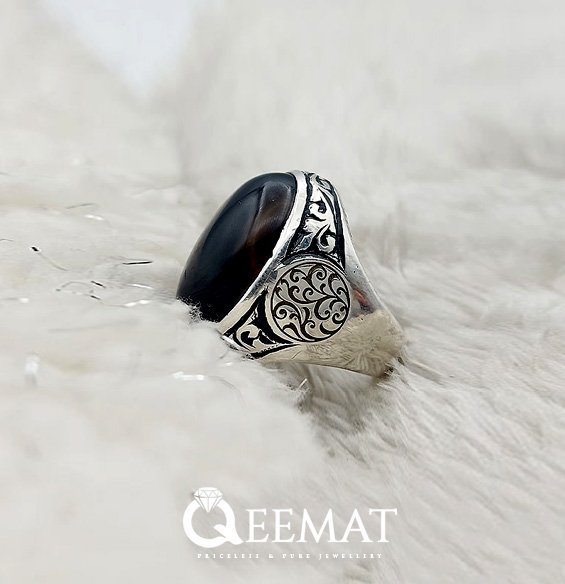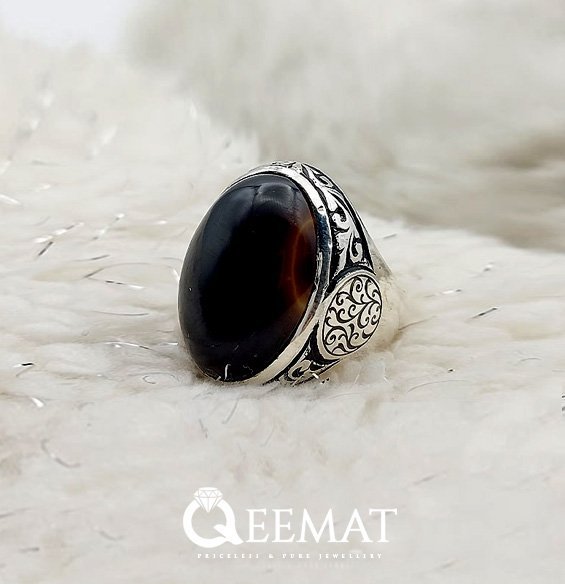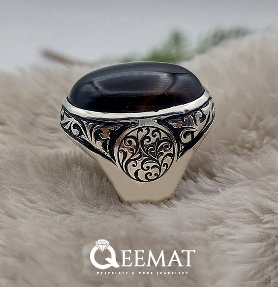An Opaque Black Agate Stone Make A Men’s Silver Ring A Gem
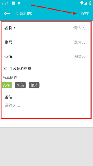3、点击页面右上角的“+”按钮,即可进入新建钥匙的编辑界面,以便添加新的账号密码信息。
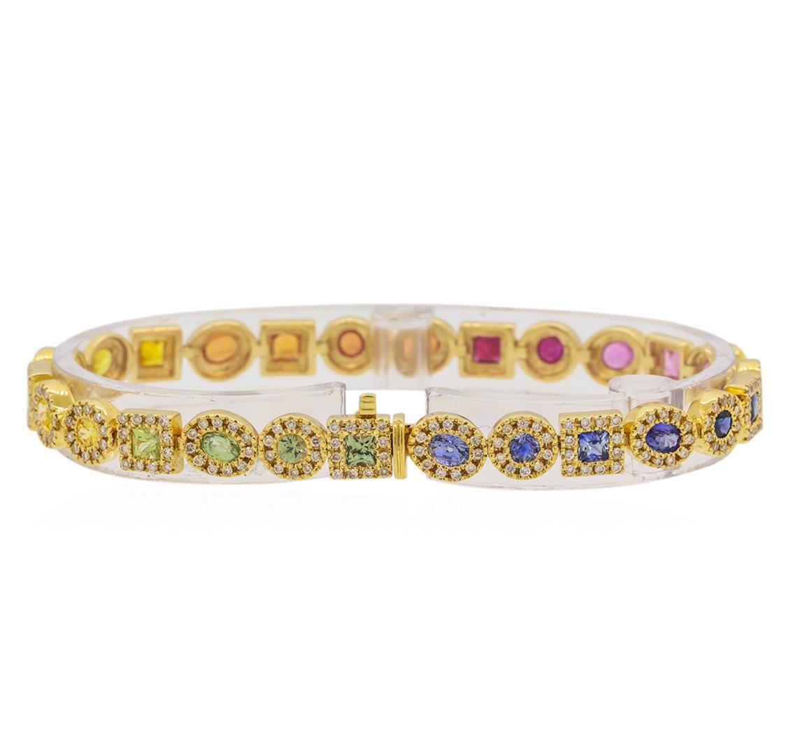 One electronically tested 14KT yellow gold lady's combination cast & assembled fashion bracelet with a tongue clasp with foldover safety with a bright polish finish. The featured lady's bracelet measures approximately 7 inches in length. Identified with markings of "14K". Condition is new, good workmanship. Containing: Nine prong set princess modified mixed cut natural multi-color sapphires, measuring 3.10 x 3.00 x 2.25mm, (depth est.) approximate total weight of 1.83ct., clarity is eye clean, cut is good. The featured sapphires range in color from blue to violetish blue to red to orange to yellow to green. Transmitting light with no distortion, transparent. Colored gemstones are presumed to have been subjected to commonly used enhancement processes. Graded in the setting.Eight prong set round modified brilliant cut natural multi-color sapphires, measuring 3.00 - 2.90 x 1.92 mm, (depth est.) approximate total weight of 1.12ct., clarity is eye clean, cut is good. The featured sapphires range in color from bluish violet to blue to pink to orange to yellow to green. Transmitting light with no distortion, transparent. Colored gemstones are presumed to have been subjected to commonly used enhancement processes. Graded in the setting.Nine prong set oval modified brilliant cut natural multi-color sapphires, measuring 4.05 x 3.00 x 2.10mm, (depth est.) 10%. bulge factor, approximate total weight of 2.16ct., clarity is eye clean, cut is good. The featured sapphires range in color from blue to pink to orange to yellow to green. Transmitting light with no distortion, transparent. Colored gemstones are presumed to have been subjected to commonly used enhancement processes. Graded in the setting.Two Hundred Eighty-Seven prong set round brilliant cut diamonds, measuring 1.15 - 1.10 x 0.68mm (depth est.) approximate total weight of 287 Stones = 1.50ct. Graded in the setting. Clarity: VS-2 to SI-1. Color: G - ICut Good. Total Weight of Colored Stones 5.11ct. Total Weight of Diamonds 1.50ct. Total Weight of Bracelet 16.10gm. GAS Appraised.
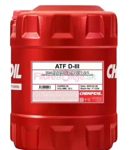 CHEMPIOIL ATF DEXRON III je univerzálna celoročná, syntetická-založená ATF vyvinutá pre automatické prevodovky, hydrodynamické meniče, hydraulické servoriadenie, hydraulické spojky a ďalšie hydraulické zariadenia vrátane náročných podmienok v nákladnej a off-road technike. Produkt bol navrhnutý v súlade s požiadavkami skupín GM a Ford a poskytuje hladký chod prevodovky, minimalizuje opotrebenie a prispieva k dlhšej životnosti a úspore paliva.
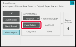 When you tap the original size key, the original direction is indicated in the "How To Set". Place the original to meet the displayed orientation.Tap the [Paper Select] key and select a paper size.
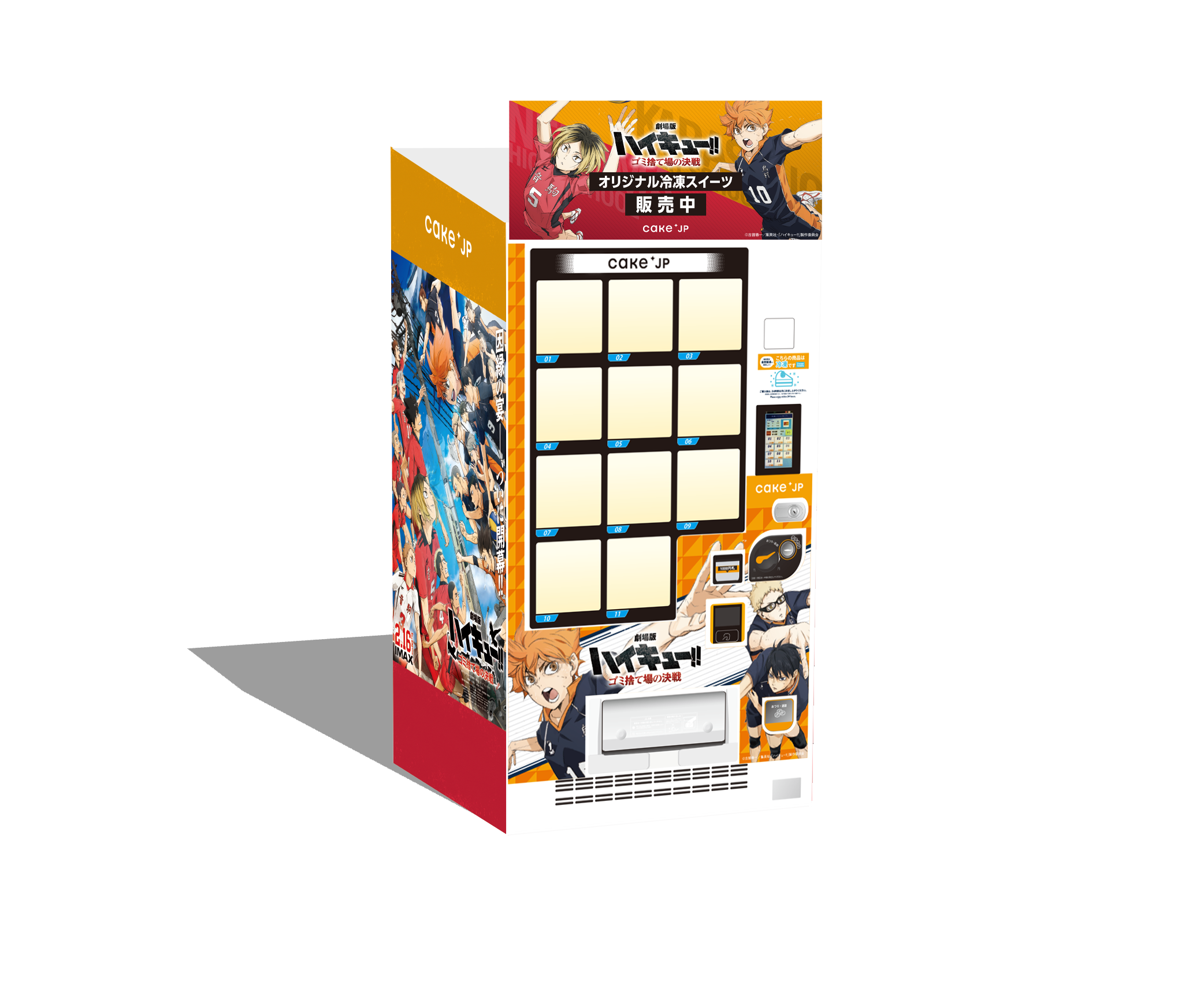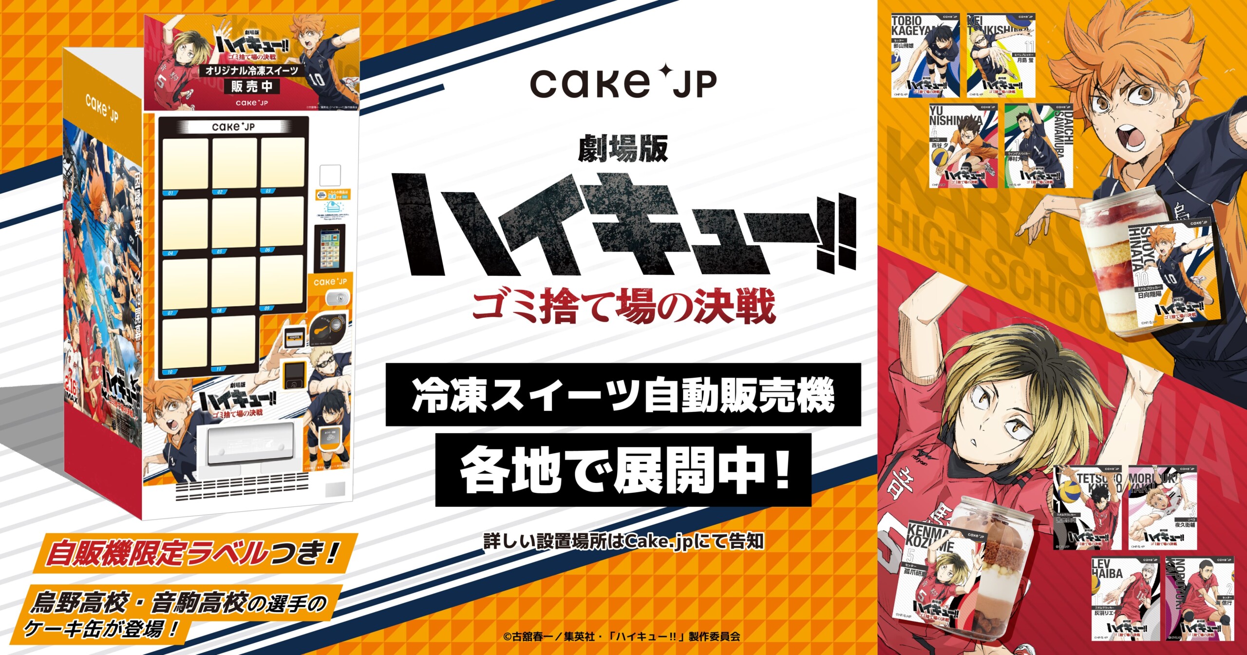 為慶祝日本電影版《排球少年!!垃圾場的決戰》的上映,近日在日本境內特別與「Cake.jp」原創冷凍蛋糕罐合作,推出了專為烏野高中和音駒高中球員設計的自動販售機限定標籤封口的冷凍原創蛋糕罐,共有10種類,於2月16日起在Marui Modi的7家分店陸續上市。所有商品均為此自動販賣機的獨家商品。
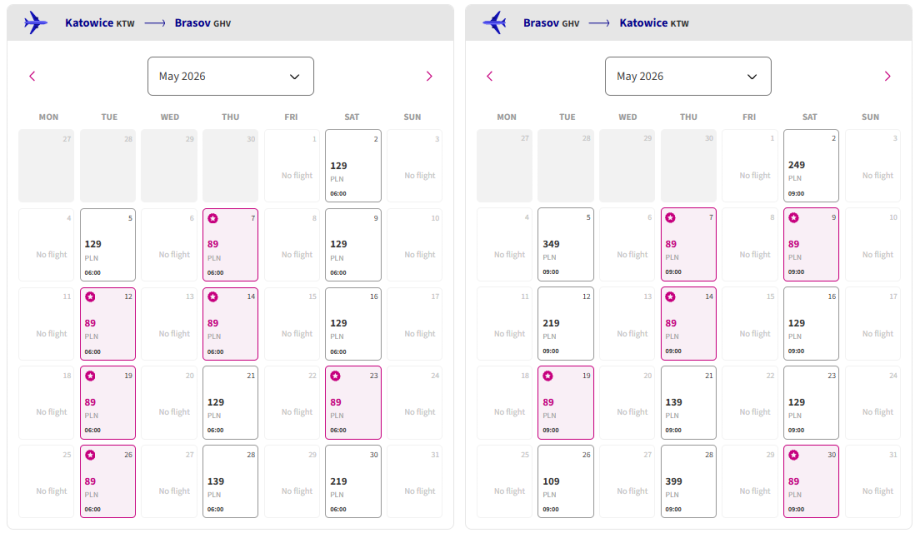Zpáteční letenky na mnoho termínů v dubnu, květnu, září i říjnu zakoupíte za 178 PLN, resp. 170 PLN pro WDC.
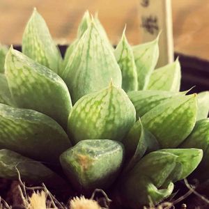 最初に買った多肉さん、ハオルチアオブツーサの何なのかわかりません。クリスタルプラントとして売っていました。 雫石のような、違うような。
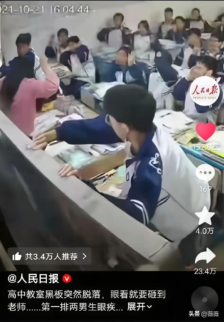 看得人热泪盈眶!一块80多斤的黑板突然从天而降,直直砸向怀有身孕的女老师,就在所有人都以为悲剧无法避免时,讲台前两名少年几乎同时弹射起身,用身体硬生生托住了整块下坠的黑板。没有犹豫、没有商量、没有退缩,0.3秒同步发力,3秒生死瞬间,他们用最本能的一撑,救下了老师! 你发现没有,这世上最动人的瞬间,往往来不及思考。 一块80多斤的黑板,突然从天而降,直直砸向怀有身孕的女老师。所有人都吓傻了,以为悲剧无法避免。可就在那0.3秒,讲台前两名少年几乎同时弹射起身,用身体硬生生托住了整块下坠的黑板。没有犹豫,没有商量,没有退缩。三秒生死瞬间,他们用最本能的一撑,救下了老师,也救下了两条命。 看完这个视频,我头皮发麻,眼眶发热。那两个少年,可能平时调皮捣蛋,可能成绩不是最好,可在那一刻,他们就是英雄。不是电影里的超级英雄,是现实中、教室里的少年英雄。他们没有超能力,只有一颗来不及想“该不该”的心。那颗心,叫善良,叫勇敢,叫本能。 有人说,这是教育的成功。可我觉得,这跟教育关系不大。这是人性里最底层的亮光。你教不教,它都在;你考不考,它都会冒出来。那两个少年,在黑板砸下来的瞬间,脑子里没有“会不会受伤”,只有“老师危险”。他们用身体去挡,就像父母挡在孩子前面一样自然。这种本能,比任何奖状都珍贵。 更让人动容的是,他们几乎同步发力,没有商量,却像排练过一样。这就是默契,是人心向善的默契。你冲,我也冲;你撑,我也撑。他们撑住的不是一块黑板,是一个家庭的完整,是一个未出生孩子的未来。那位老师,这辈子都不会忘记这两个学生。 我们总说,现在的孩子娇气、自私、不懂事。可你看,关键时刻,他们比谁都靠得住。平时嘻嘻哈哈,真出了事,第一个冲上去的就是他们。别小看任何一个少年,他们心里都藏着光。平时不亮,是没到需要亮的时候。 那两个少年,没有豪言壮语,没有事后邀功。他们只是做了该做的事。可正是这份“该做”,让所有人看到了希望。这世上,还是好人多;这世上,少年的心,最热。 谢谢你,两位少年。你们托住的不只是黑板,是我们对下一代、对人性的信心。这份本能,比任何成绩都耀眼。愿你们一生平安,愿那位老师和孩子也平安。这个世界,有你们,真好。
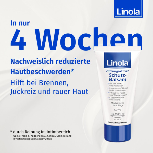 - Bei Inkontinenz und Blasenschwäche sollten die betroffenen Hautpartien nach der Reinigung oder dem Waschen großflächig dünn eingecremt werden, eine mehrmalige Anwendung empfehlenswert. Ähnliches gilt für Hautreizungen infolge von Menstruation. Natürlich kann der Linola Schutz-Balsam auch in der Schwangerschaft und Stillzeit angewendet werden.
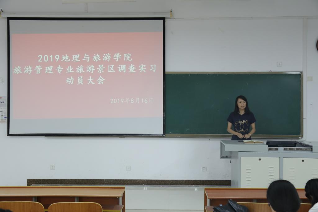 于8月16日在S201召开2019年旅游管理专业旅游景区调查实习动员大会。本次会议由于伟老师主持,党委书记苏占兵、院长张全景、党委副书记刘伟、团委书记宁晓文及谭丽荣、邓薇、陈艳峰相关专业教师出席,2018级旅游管理专业学生及相关研究生参加。

TASK TO COMPLETE:
Retype each of the entries above exactly as it appears, with no pictures.

TASK RESULT:
An Opaque Black Agate Stone Make A Men’s Silver Ring A Gem
3、点击页面右上角的“+”按钮,即可进入新建钥匙的编辑界面,以便添加新的账号密码信息。
 One electronically tested 14KT yellow gold lady's combination cast & assembled fashion bracelet with a tongue clasp with foldover safety with a bright polish finish. The featured lady's bracelet measures approximately 7 inches in length. Identified with markings of "14K". Condition is new, good workmanship. Containing: Nine prong set princess modified mixed cut natural multi-color sapphires, measuring 3.10 x 3.00 x 2.25mm, (depth est.) approximate total weight of 1.83ct., clarity is eye clean, cut is good. The featured sapphires range in color from blue to violetish blue to red to orange to yellow to green. Transmitting light with no distortion, transparent. Colored gemstones are presumed to have been subjected to commonly used enhancement processes. Graded in the setting.Eight prong set round modified brilliant cut natural multi-color sapphires, measuring 3.00 - 2.90 x 1.92 mm, (depth est.) approximate total weight of 1.12ct., clarity is eye clean, cut is good. The featured sapphires range in color from bluish violet to blue to pink to orange to yellow to green. Transmitting light with no distortion, transparent. Colored gemstones are presumed to have been subjected to commonly used enhancement processes. Graded in the setting.Nine prong set oval modified brilliant cut natural multi-color sapphires, measuring 4.05 x 3.00 x 2.10mm, (depth est.) 10%. bulge factor, approximate total weight of 2.16ct., clarity is eye clean, cut is good. The featured sapphires range in color from blue to pink to orange to yellow to green. Transmitting light with no distortion, transparent. Colored gemstones are presumed to have been subjected to commonly used enhancement processes. Graded in the setting.Two Hundred Eighty-Seven prong set round brilliant cut diamonds, measuring 1.15 - 1.10 x 0.68mm (depth est.) approximate total weight of 287 Stones = 1.50ct. Graded in the setting. Clarity: VS-2 to SI-1. Color: G - ICut Good. Total Weight of Colored Stones 5.11ct. Total Weight of Diamonds 1.50ct. Total Weight of Bracelet 16.10gm. GAS Appraised.
 CHEMPIOIL ATF DEXRON III je univerzálna celoročná, syntetická-založená ATF vyvinutá pre automatické prevodovky, hydrodynamické meniče, hydraulické servoriadenie, hydraulické spojky a ďalšie hydraulické zariadenia vrátane náročných podmienok v nákladnej a off-road technike. Produkt bol navrhnutý v súlade s požiadavkami skupín GM a Ford a poskytuje hladký chod prevodovky, minimalizuje opotrebenie a prispieva k dlhšej životnosti a úspore paliva.
 When you tap the original size key, the original direction is indicated in the "How To Set". Place the original to meet the displayed orientation.Tap the [Paper Select] key and select a paper size.
 為慶祝日本電影版《排球少年!!垃圾場的決戰》的上映,近日在日本境內特別與「Cake.jp」原創冷凍蛋糕罐合作,推出了專為烏野高中和音駒高中球員設計的自動販售機限定標籤封口的冷凍原創蛋糕罐,共有10種類,於2月16日起在Marui Modi的7家分店陸續上市。所有商品均為此自動販賣機的獨家商品。
Zpáteční letenky na mnoho termínů v dubnu, květnu, září i říjnu zakoupíte za 178 PLN, resp. 170 PLN pro WDC.
 最初に買った多肉さん、ハオルチアオブツーサの何なのかわかりません。クリスタルプラントとして売っていました。 雫石のような、違うような。
 看得人热泪盈眶!一块80多斤的黑板突然从天而降,直直砸向怀有身孕的女老师,就在所有人都以为悲剧无法避免时,讲台前两名少年几乎同时弹射起身,用身体硬生生托住了整块下坠的黑板。没有犹豫、没有商量、没有退缩,0.3秒同步发力,3秒生死瞬间,他们用最本能的一撑,救下了老师! 你发现没有,这世上最动人的瞬间,往往来不及思考。 一块80多斤的黑板,突然从天而降,直直砸向怀有身孕的女老师。所有人都吓傻了,以为悲剧无法避免。可就在那0.3秒,讲台前两名少年几乎同时弹射起身,用身体硬生生托住了整块下坠的黑板。没有犹豫,没有商量,没有退缩。三秒生死瞬间,他们用最本能的一撑,救下了老师,也救下了两条命。 看完这个视频,我头皮发麻,眼眶发热。那两个少年,可能平时调皮捣蛋,可能成绩不是最好,可在那一刻,他们就是英雄。不是电影里的超级英雄,是现实中、教室里的少年英雄。他们没有超能力,只有一颗来不及想“该不该”的心。那颗心,叫善良,叫勇敢,叫本能。 有人说,这是教育的成功。可我觉得,这跟教育关系不大。这是人性里最底层的亮光。你教不教,它都在;你考不考,它都会冒出来。那两个少年,在黑板砸下来的瞬间,脑子里没有“会不会受伤”,只有“老师危险”。他们用身体去挡,就像父母挡在孩子前面一样自然。这种本能,比任何奖状都珍贵。 更让人动容的是,他们几乎同步发力,没有商量,却像排练过一样。这就是默契,是人心向善的默契。你冲,我也冲;你撑,我也撑。他们撑住的不是一块黑板,是一个家庭的完整,是一个未出生孩子的未来。那位老师,这辈子都不会忘记这两个学生。 我们总说,现在的孩子娇气、自私、不懂事。可你看,关键时刻,他们比谁都靠得住。平时嘻嘻哈哈,真出了事,第一个冲上去的就是他们。别小看任何一个少年,他们心里都藏着光。平时不亮,是没到需要亮的时候。 那两个少年,没有豪言壮语,没有事后邀功。他们只是做了该做的事。可正是这份“该做”,让所有人看到了希望。这世上,还是好人多;这世上,少年的心,最热。 谢谢你,两位少年。你们托住的不只是黑板,是我们对下一代、对人性的信心。这份本能,比任何成绩都耀眼。愿你们一生平安,愿那位老师和孩子也平安。这个世界,有你们,真好。
 - Bei Inkontinenz und Blasenschwäche sollten die betroffenen Hautpartien nach der Reinigung oder dem Waschen großflächig dünn eingecremt werden, eine mehrmalige Anwendung empfehlenswert. Ähnliches gilt für Hautreizungen infolge von Menstruation. Natürlich kann der Linola Schutz-Balsam auch in der Schwangerschaft und Stillzeit angewendet werden.
 于8月16日在S201召开2019年旅游管理专业旅游景区调查实习动员大会。本次会议由于伟老师主持,党委书记苏占兵、院长张全景、党委副书记刘伟、团委书记宁晓文及谭丽荣、邓薇、陈艳峰相关专业教师出席,2018级旅游管理专业学生及相关研究生参加。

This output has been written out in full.